Another issue I had was that some resources weren't loading correctly due to an inconsistent HTTPS Strict Transport Security across the site (because I was regularly chopping and changing nginx configuration), which, once I worked that one out, was also easy to fix.

It was also in this testing period that I discovered that both Puma and Sidekiq need access to the outside internet, as Sidekiq is responsible for pushing local posts out to remote instances, and Puma needs to make requests to other instances in order to do things like looking up other users and their posts. As Sidekiq was hosted on hedwig, this meant that the forwarding and NAT on hermes would have to become a permenant fixture, which I wasn't pleased with, but couldn't help.


Migrating the production instance to the new infrastructure was quite involved, however Gargron has provided a handy guide for such an event.

The main difference I faced was that I was migrating from plain disk-backed storage to S3-backed storage, so I made an ssh tunnel between iris and hedwig and then configured and ran awscli on iris to copy all the media files across. I also had to merge the origin production configuration file with the S3-related configuration I had been using with the test instance.

However, to quote my first post after I started everything back up, "Hey, I think it worked".

Bonus round: Tuning

One of the contributing factors towards making this migration in the first place was that out of curiosity I had turned down some of the concurrency parameters on iris one afternoon and discovered that I still had capacity to run the instance with no visible issues. I also had no way to introspect the performance characteristics of the instance under load in different configurations.

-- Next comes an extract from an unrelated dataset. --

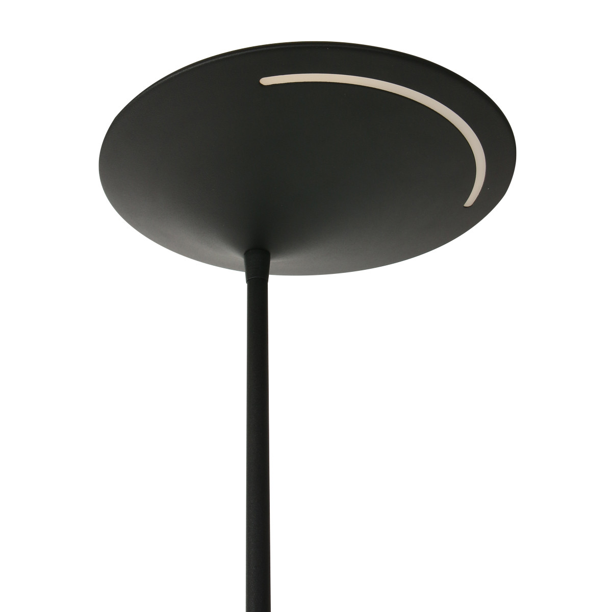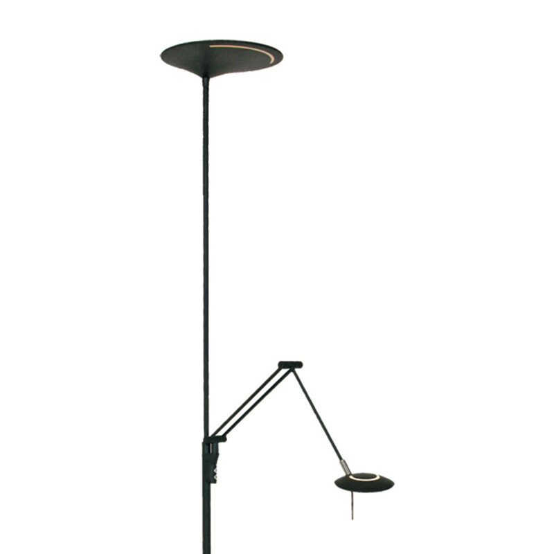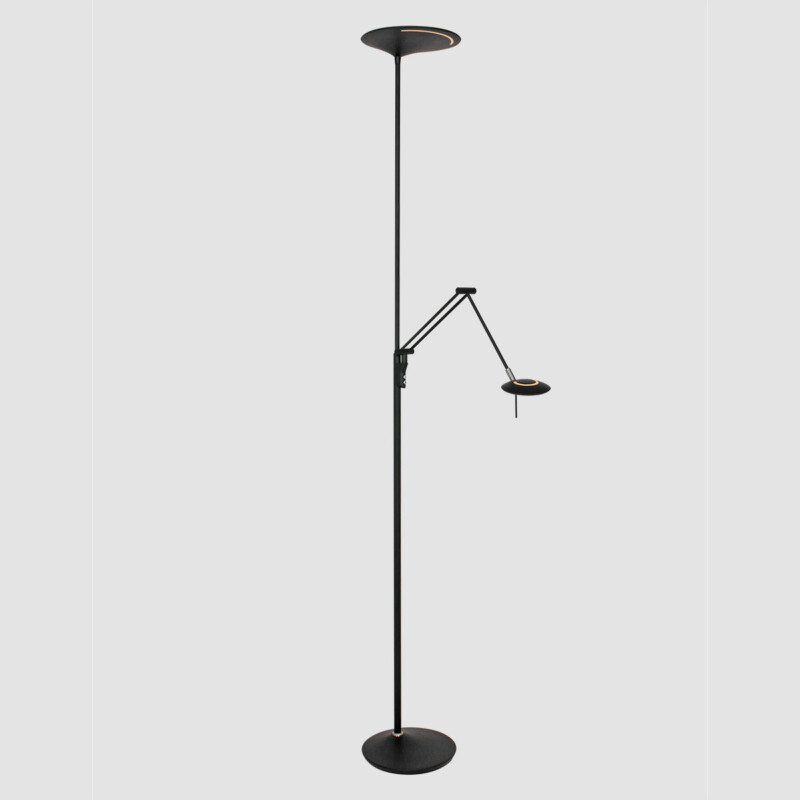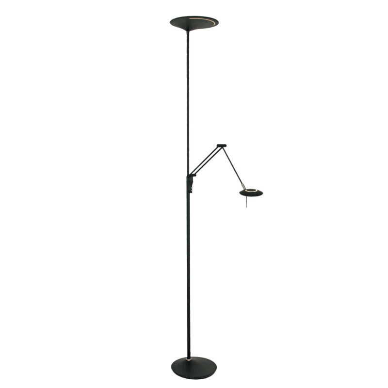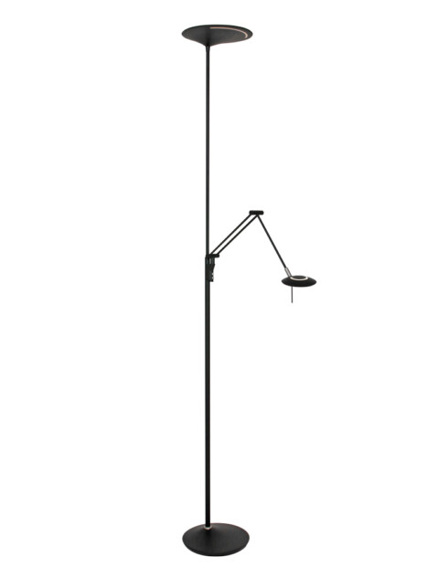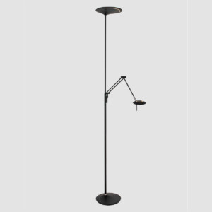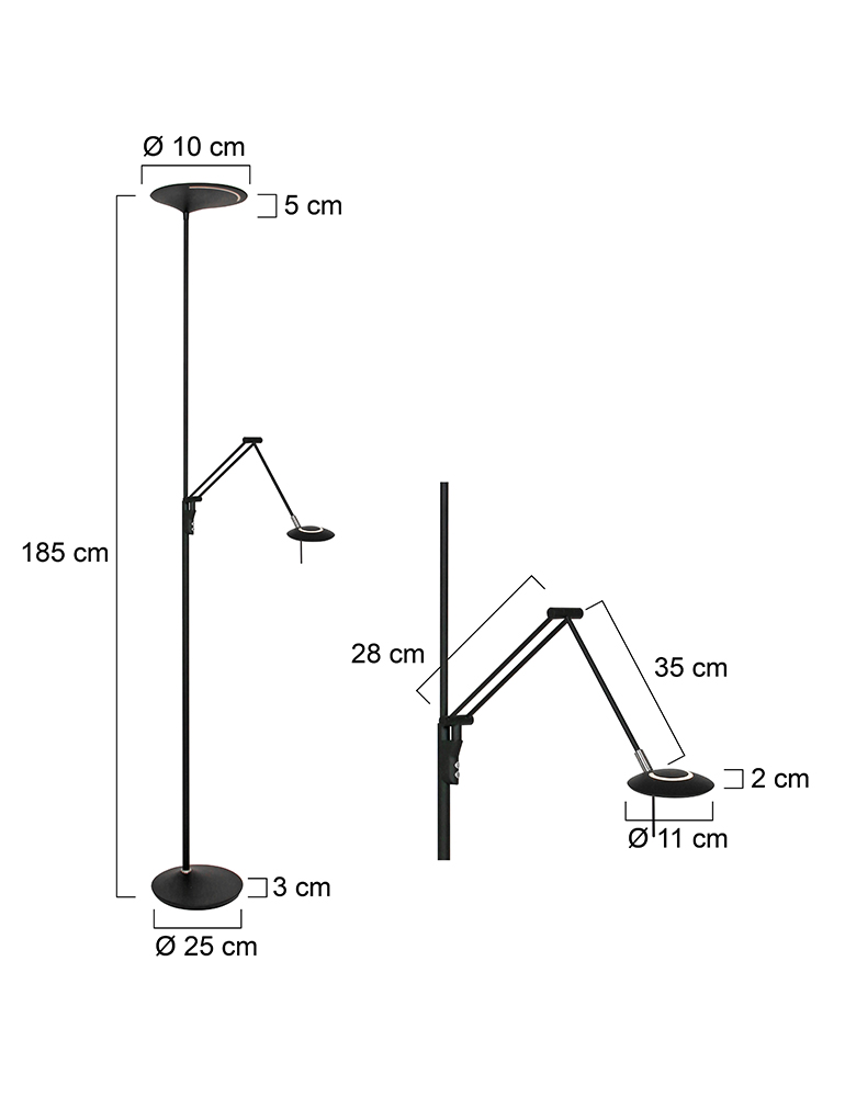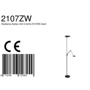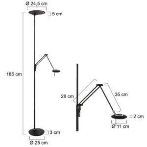 Esta lámpara de pie negra de la serie Zodiac cuenta con un uplighter y una lámpara de lectura, ambas equipadas con módulos LED reemplazables. La lámpara de lectura tiene un módulo LED de 6 vatios (2700 Kelvin, 700 lúmenes) y el uplighter tiene un potente módulo LED de 25 vatios (2700 Kelvin). Con el regulador de intensidad en el soporte, puedes ajustar ambas fuentes de luz por separado a la intensidad deseada. La lámpara tiene una altura de 185 cm y una base estable con un diámetro de 25 cm.

Changing the configuration at runtime for the purposes of testing was also quite cumbersome -- iris was running systemd, as are hermes, hedwig and becblanche (make of that what you will), so this required editing unit files and then performing a daemon-reload every time I wanted to tweak something. Additionally, if there was a spike in load for some reason then I didn't have a way to quickly spin up more Sidekiq processes or increase the number of worker processes spawned by Puma.

So I wrote some parameterised systemd unit files, which are ones whose name are of the form servicename@.service, for example dhcpcd@wlan0.service. The instance parameter which is set when the unit is instantiated (i.e. the service is enabled and started) is then set to a string which encodes the parameters to be passed to the Mastodon processes. Puma and Sidekiq have a number of knobs, so the unit files for those two services execute a Perl script which takes the option string as a parameter and then decodes it into command line arguments or environment variables as appropriate.